Database · MySQL
Database Performance Tuning for Magento
Magento's EAV data model is unforgiving of undersized MySQL. Here's what to size, what to index, and what slow queries to watch for.
Magento's database performance is unusually sensitive to MySQL configuration because of the EAV (Entity-Attribute-Value) data model that backs catalog and customer data. EAV is highly normalized — a single product attribute lookup can hit 4–6 different tables — which means MySQL needs to keep more of its working set in memory than a typical CMS workload would require.
The single most important MySQL setting
innodb_buffer_pool_size determines how much of the database can stay in RAM instead of hitting disk. For Magento, this should be the largest value the host can sustain — typically 50–75% of available system memory on a database-only server, or 30–50% on a combined application+database server.
Stores with the buffer pool sized below the catalog working set produce a characteristic slowness pattern: fast on the first hit, then progressively slower as the database starts evicting cached pages back to disk. The fix is almost always buying more RAM rather than a clever query rewrite.
Indexer state
Magento maintains nine core indexers — the URL rewrites indexer, product price indexer, stock indexer, search indexer, and so on.
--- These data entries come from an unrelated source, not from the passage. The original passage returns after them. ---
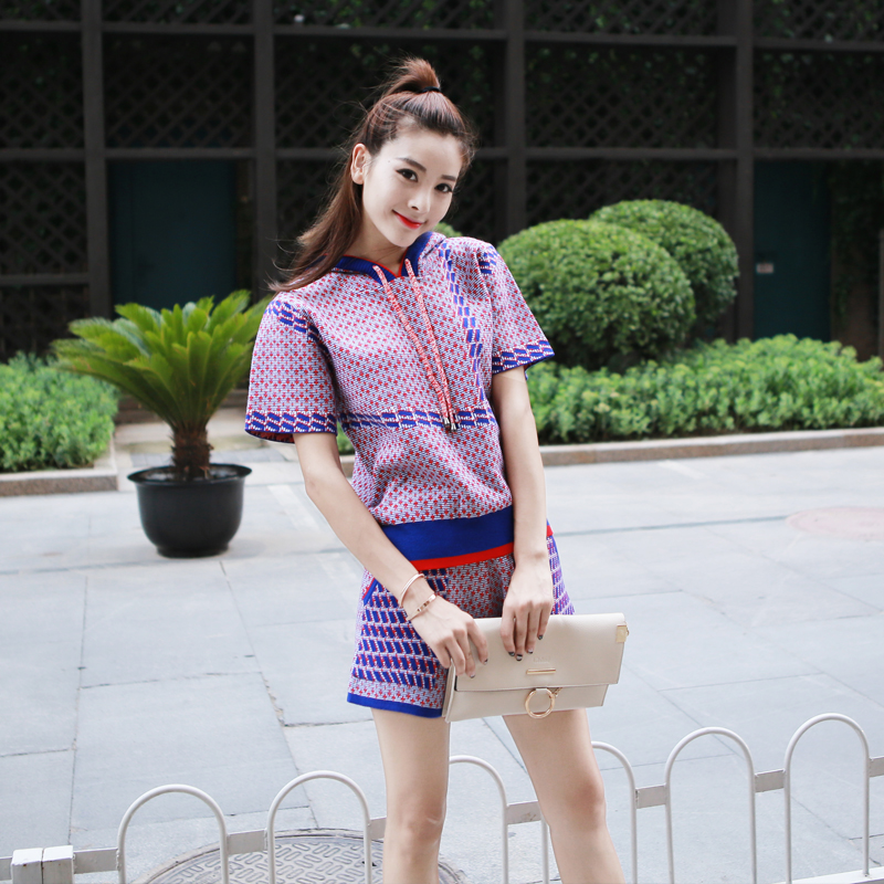 新款2018氣質運動短袖套頭短褲熱褲連帽休閑時尚針織兩件套裝女裝
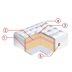 Debljina: 21cm 1. PU pjena 35 PT 2. HR pjena (visoko elastična) 3. MEMORY pjena 4. Štepana navlaka – pletenina 5. Ventilator
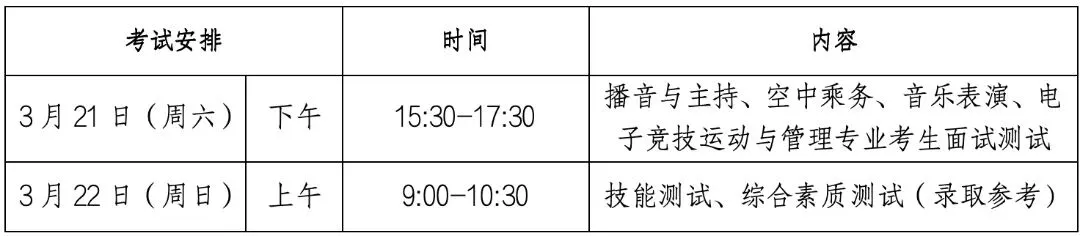 2.报考播音与主持、空中乘务、音乐表演、电子竞技运动与管理四个专业的考生,按专业面试测试成绩占60%、技能测试成绩占40%的比例计算技能校考成绩。
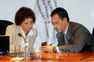 MÉXICO, D.F., 06ABRIL2011.- Jacqueline Peschard, comisionada presidenta del Instituto Federal de Acceso a la Información y Protección de Datos (IFAI) dialoga con el comisionado Ángel Trinidad al concluir la sesión pública del pleno del IFAI. FOTO: CUARTOSCURO.COM
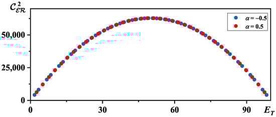 This is a typical concave downward parabola. That is, the correlation between emissions and the remainder of the black hole first increases and then decreases as the black hole radiation continues. Similar to the Page curve [,], the bipartite correlation reaches its maximum when the black hole evaporates halfway ( M). It is worth noting that the above discussions are based on the stable black hole, which means that the antiparticle has entered the black hole for a long time, and the entanglement between the particle and the antiparticle has been removed due to the annihilation between the negative particle and the matter in the black hole. Therefore, we calculate the correlation and entropy long after the annihilation in the black hole. In addition, we can rewrite Equation (8) as follows:
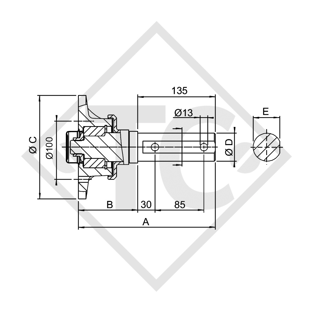 Accueil / ÉLÉMENT DU CHÂSSIS / ÉLÉMENT DU CHÂSSIS BPW / ESSIEUX / ESSIEU SWING 1800KG FREINÉ, TYPE D'ESSIEU CB 1805, TUBE D'ESSIEU CARRÉ 95MM / Moyeu étanche avec fusée à visser
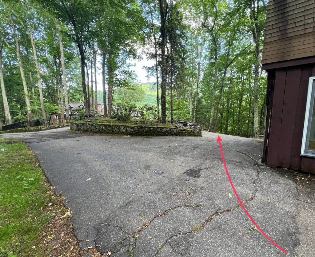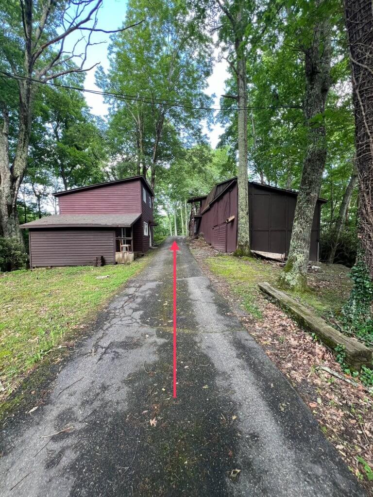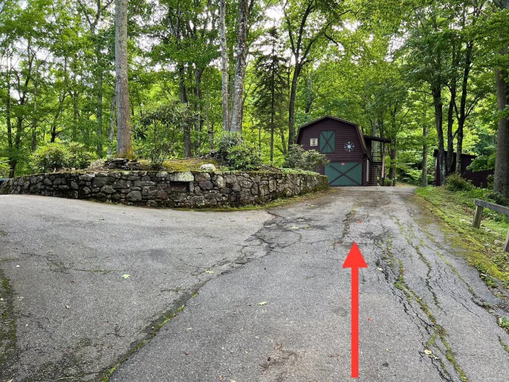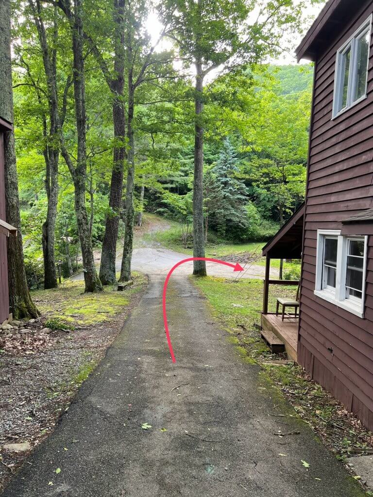 After you drive around the house, you’ll come to a stone wall with a drive way on the left. Continue straight when you arrive at the stone wall.
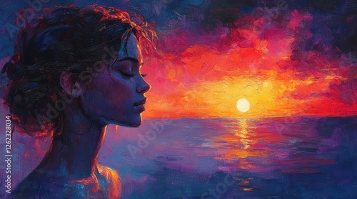sunset, painting, portrait, art, expression, creative, woman, ocean, silhouette, dusk, colours, beauty, scenery, emotional, warm, serene, high-coloured, landscape, sky, nature, imaginative, tranquil, vibrant, artistic, profile, evening, graceful, sunlight, wave, charme, peaceful, stillness, allure, inspiration, modern, dreamy, scenic, striking, visual, detail, canvas, artwork, color palette, sunshine, horizon
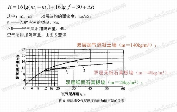 雙層墻的隔聲量可以用單位面積質(zhì)量等于雙層墻兩側(cè)墻體單位面積質(zhì)量之和的單層墻的隔聲量加上一個空氣間層附加隔聲量來表示,在工程應(yīng)用中,隔聲量計算的經(jīng)驗(yàn)公式:
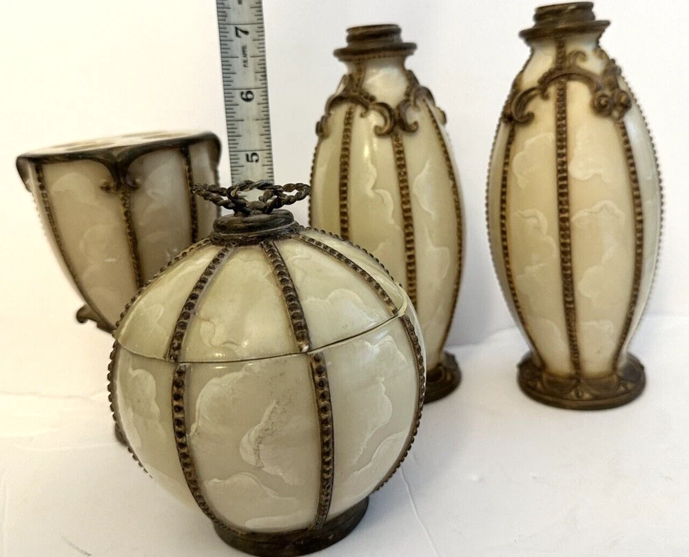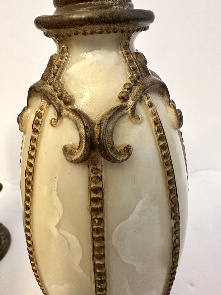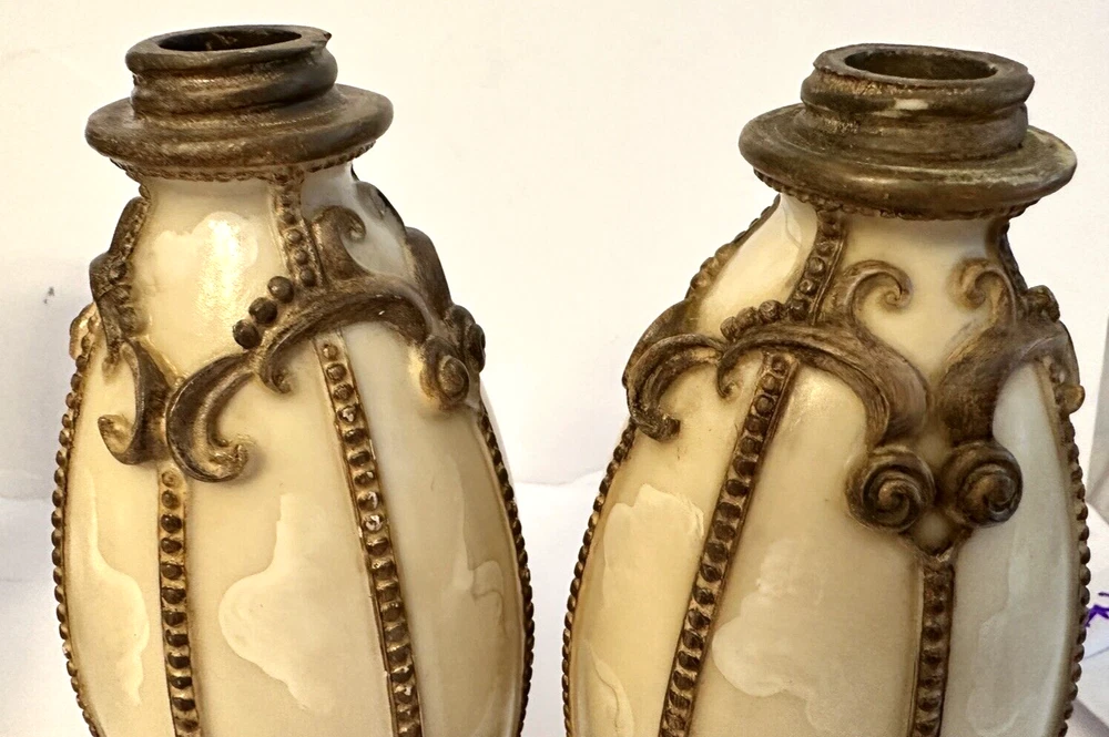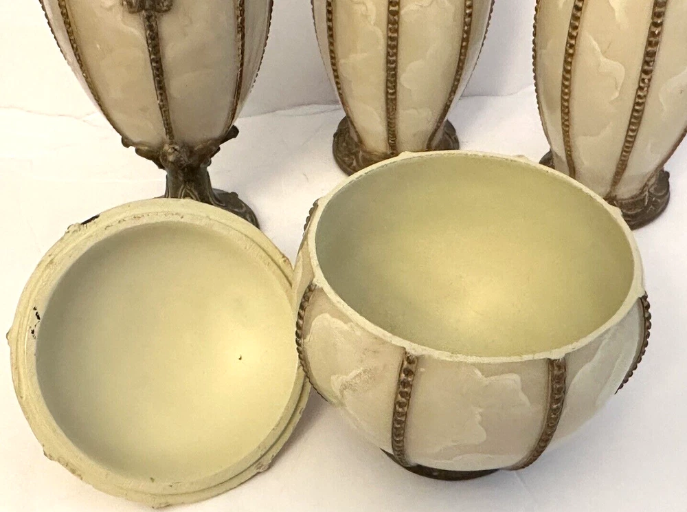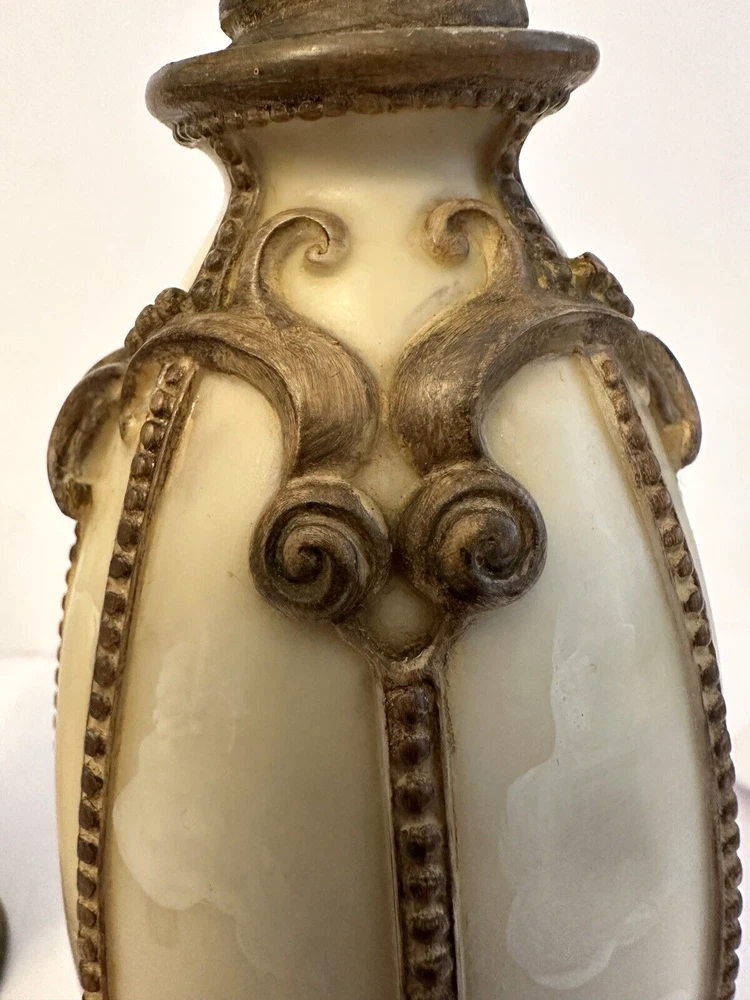 1- Romanza vanity potpourri, or trinket jar / dish with lid cover, hand painted bronze color metal rope and faux marble finish. Measurements: Diameter 4.5” Height 5” Weight 14.9 oz * Excellent condition 1 - Romanza toothbrush holder with ornate base and bronze metal rope accents. Height 5.5” Diameter 3” Weight 11 Oz 2 - Romanza lotion or soap dispensers (pumps are missing but generic pumps can be used instead or they can be used as bud vases) Height 7” Diameter 2.5” Weight each 11 oz

When indexers are 'invalid' (out of sync with their source data), Magento falls back to non-indexed queries that are typically 10–100× slower.
php bin/magento indexer:status
# If any are 'Reindex required':
php bin/magento indexer:reindex
# Set indexers to 'Update by Schedule' rather than 'Update on Save'
# so that index updates batch through cron rather than happening
# inline on every catalog edit:
php bin/magento indexer:set-mode scheduleSlow query log
Enable MySQL's slow query log with a threshold of 1 second and analyze the output regularly:
# my.cnf
slow_query_log = 1
slow_query_log_file = /var/log/mysql/slow.log
long_query_time = 1
log_queries_not_using_indexes = 1On a healthy Magento store the slow query log should be quiet — fewer than 10 entries per hour during normal operation. A noisy slow query log almost always points at one of three patterns:
- Catalog search queries on un-indexed product attributes. Layered-navigation filters on attributes that aren't marked 'Use in Layered Navigation' produce full-table scans on the catalog_product_entity_int table.
- Sales report queries during peak traffic. The Magento sales reports (Top Sellers, Most Viewed) run aggregation queries that should be moved to the report indexer rather than running them inline.
- SELECT * patterns in custom modules. Custom module developers occasionally use Magento's collection API in a way that produces SELECT * queries against the EAV tables. These look fine on a development store with a small catalog and devastating on a 50,000-SKU production store.
MariaDB or MySQL?
Magento 2 officially supports both MySQL 8.0+ and MariaDB 10.4+. In production benchmarks the performance difference between the two is small — typically within 5–10% on identical workloads, with MySQL slightly ahead on heavy write workloads and MariaDB slightly ahead on read-heavy workloads. The choice is more often dictated by hosting-provider defaults than by performance considerations.